Now in my late 50s I can reflect (without any sadness) about what it might be like to have 30 something kids and grand kids.     I think I may have missed out.    I feel more today than ever that family is everything.     I still have a wonderful life but seriously something is missing.     I am slower to get out of bed.    My travel does not include galloping a horse in a herd of Giraffe across the Masai Mara in Kenya, anymore.   I have more downtime so more time to think about what could have been.   That is the beauty of youth, we can be so busy that we never stop and truly think about things that we cannot understand at the moment but are worthy of thinking about.     How will I feel in my 60s and then 70s?   Was a wonderful life of catering simply to me worth trading for dying alone.   Only time will tell.   Those are thoughts for Future Lorelei!   HA!   I am still the same. 

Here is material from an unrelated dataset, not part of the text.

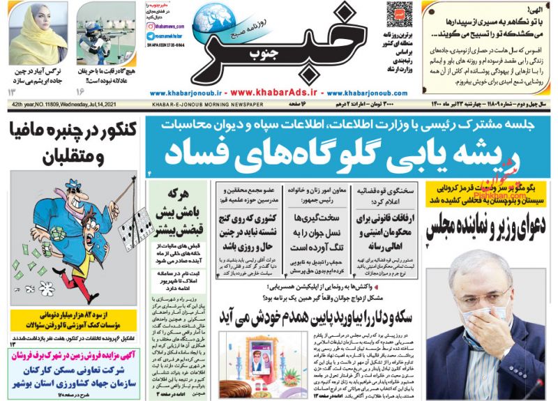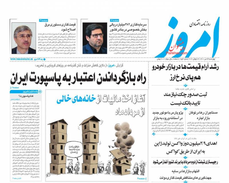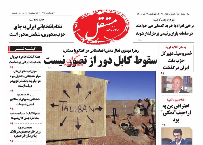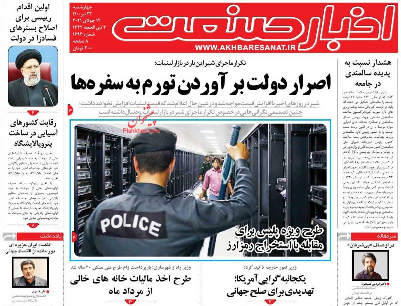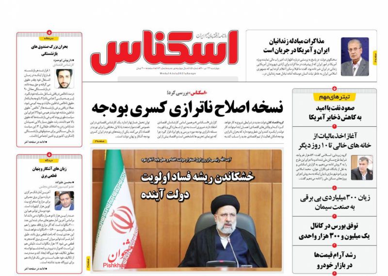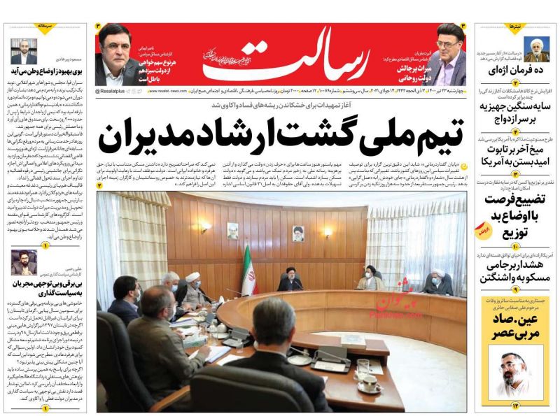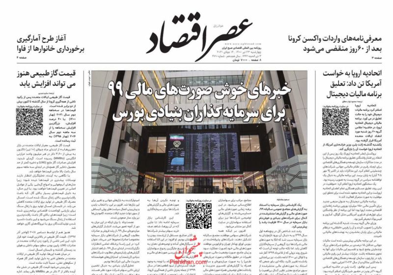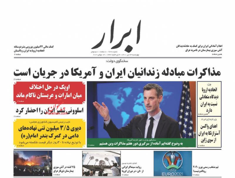 صفحه اول روزنامه‌های چهارشنبه ۲۳ تیر ۱۴۰۰

Meanwhile these are some of my thoughts, today.    What do I want to do now to make my life worth having lived.  (Children and their children are your legacy)   Who am I?   Where and how do I want to spend my last 20, 10 and 5 years??     Who will ensure that a nursing home treats me with compassion??   Anyway, no need for sadness I have some answers and I know where I am going and I am excited about the future (yes still).    I have plans but no regrets.   I had to be me in order to be me.